No matter what the interviewer asks you (within reason), don't allow yourself to become annoyed, put off or antagonized.

A VP of Engineering at a Fortune 100 summed it up very well: "You either believe in yourself or you don't. Successful people believe in themselves... and will never be intimidated. They understand business and engineering issues... they know what drives their company. They are astute, and relaxed explaining their skills... because they are confident about their abilities. This guy, who was definitely qualified, was easily bruised... he could never adjust to us."

Have a spouse or friend interview you (with a list of anticipated questions, also found on our site), and critique your responses for content, sincerity and general presentation. Ask them to provide both positive and negative feedback, so that you can fine tune your presentation. Ask them to watch for uncomfortable body language and hesitation.

An objective that you must never lose sight of... you are there to get the offer.
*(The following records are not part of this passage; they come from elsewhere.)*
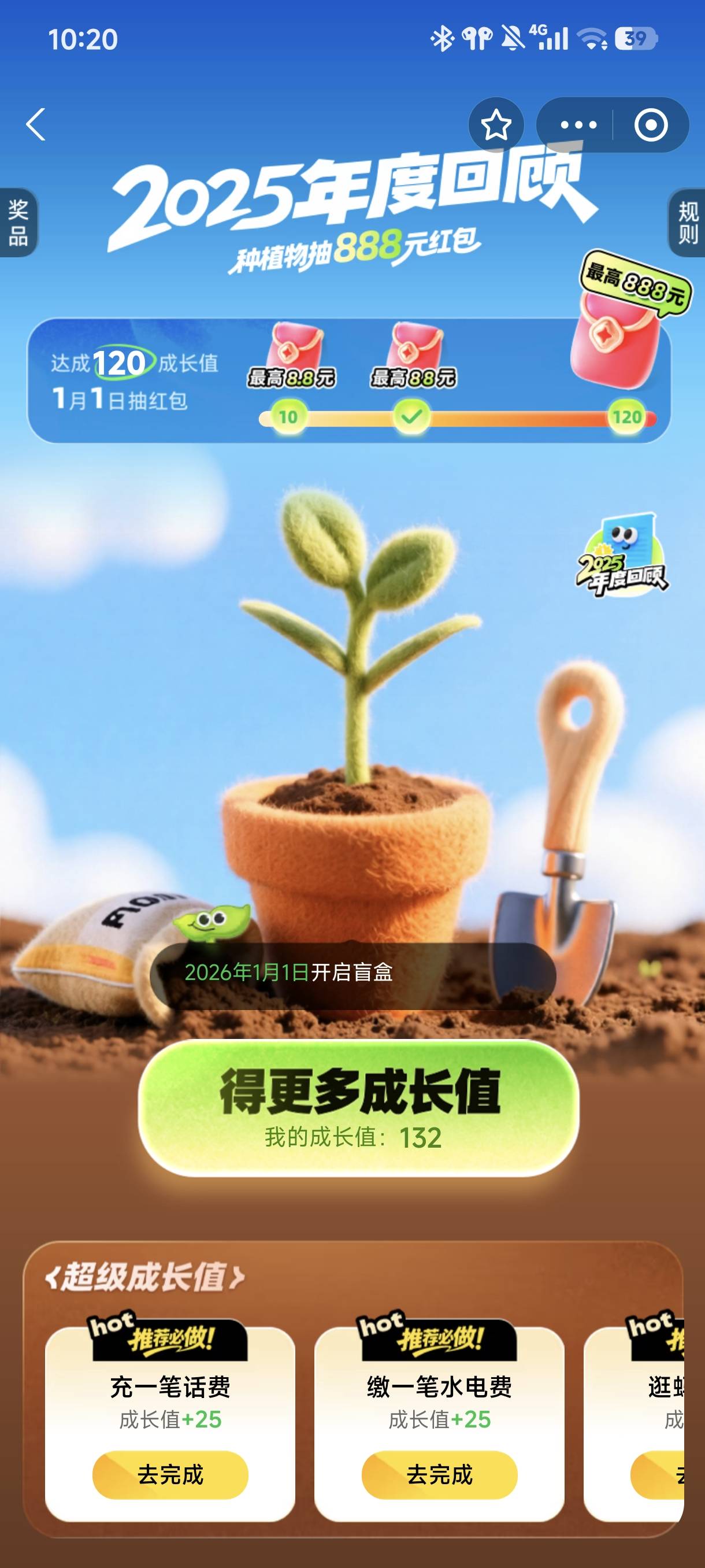 支付宝年度种植。最后一个包明天开奖。前两个做满点击今天开奖。不缺好运的。嫌少就别弄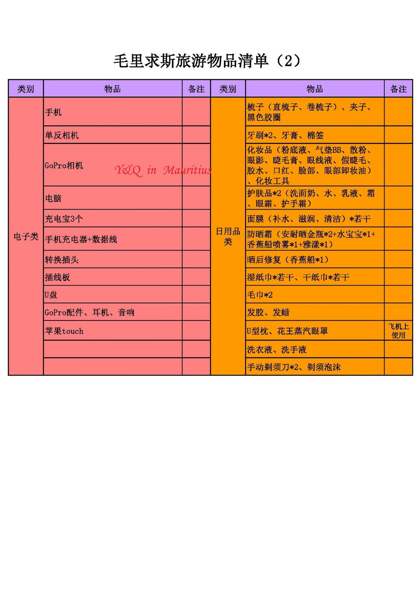 不准备不知道,列一个清单出来才知道,要带这么多东西,太夸张了。。。。。。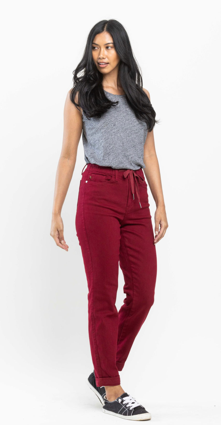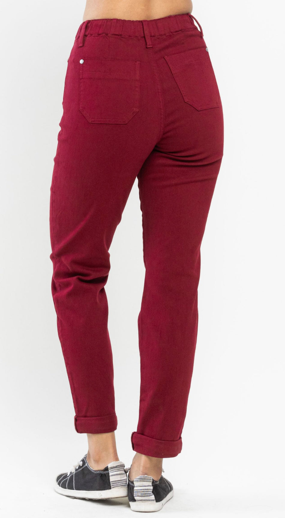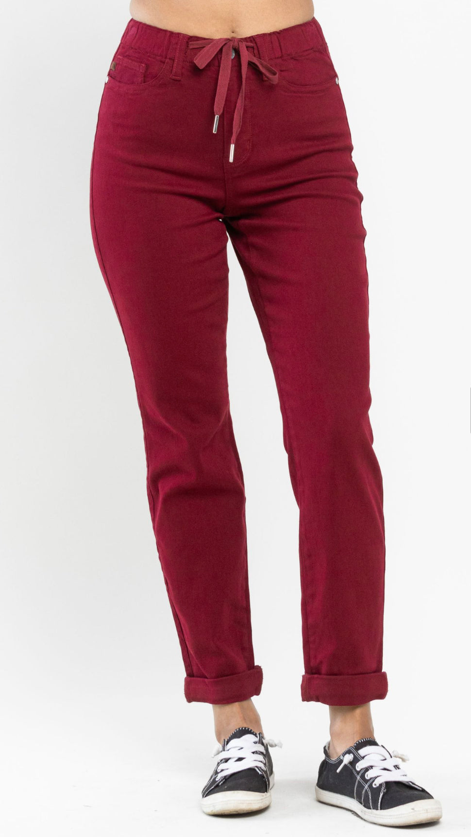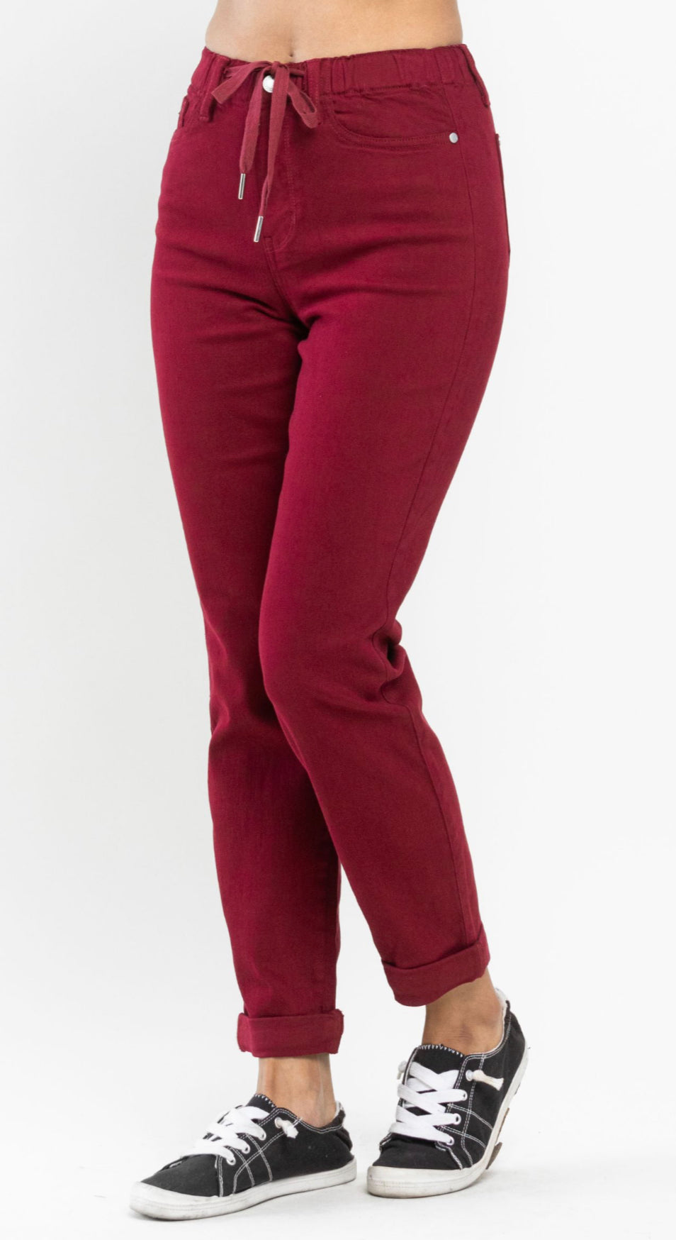 Step into vibrant comfort with the Judy Blue Cranberry Jogger. This playful stretch jean jogger pops in a beautiful cranberry shade, featuring trendy cuffed ankles and handy pockets for your essentials. Perfect for lounging or casual outings, these jean joggers blend style and ease effortlessly.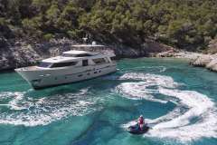 Offered by Amwax Prime, the astonishing charter yacht FLOR is a 91 ft yacht featuring a jetski. The promiment features of FLOR are her impeccable styling and inviting socializing areas. She was completed by the well-known ship builder San Lorenzo in 2013. An elegant refit was finalized in 2021. The expansive yacht layout features 4 cozy cabins and easily accommodates a group of 8 guests.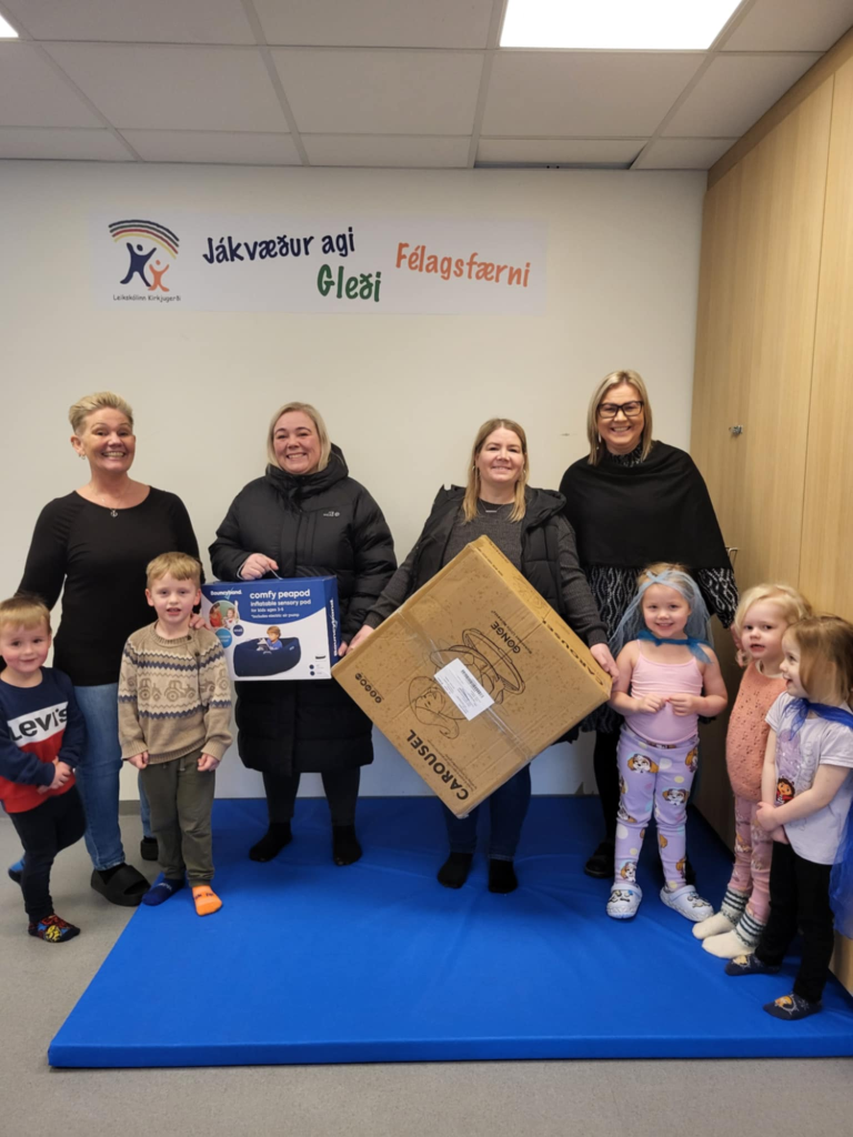 Þær systur Kristín og Unnur Dóra komu fyrir hönd félagsins og færðu okkur gjafir sem nýtast vel í skólastarfinu, sérstaklega fyrir nemendur sem eru taugsegin og glíma við skynúrvinnsluvanda.

Even if the description doesn't sound that appealing, you should sell yourself thoroughly, because total scope and responsibilities can (and usually do) change after you have convinced the hiring manager that you're their benchmark candidate.


Before you leave, find out what the next step is in their hiring cycle. When can you expect to hear from them? Do they need anything more from you?

Thank them for their time, and let them know you're interested in moving forward. Make it clear that you are interested in the opportunity. Never assume that they think you are. A manager is not going to prepare an offer if he thinks it will be declined. You don't get another chance - reconfirm your interest and availability... and ask for the offer.

One manager commented "We liked him, but he never once pushed us for the offer. That was a fatal error in our opinion." The candidate thought it was "to aggressive and presumptuous", the manager preceived it as lack of interest. This is important repeating: always ask for the offer.

Small talk (when leaving the interview) will impact their decision. Use this time to provide one last positive comment - that will help them make an informed decision to extend an offer to you.

If you have other pending offers, let them know that you are under time constraits to begin making decisions.

You can't retract anything you do or say in the interview. You want them to remember significant and positive information that will result in an offer.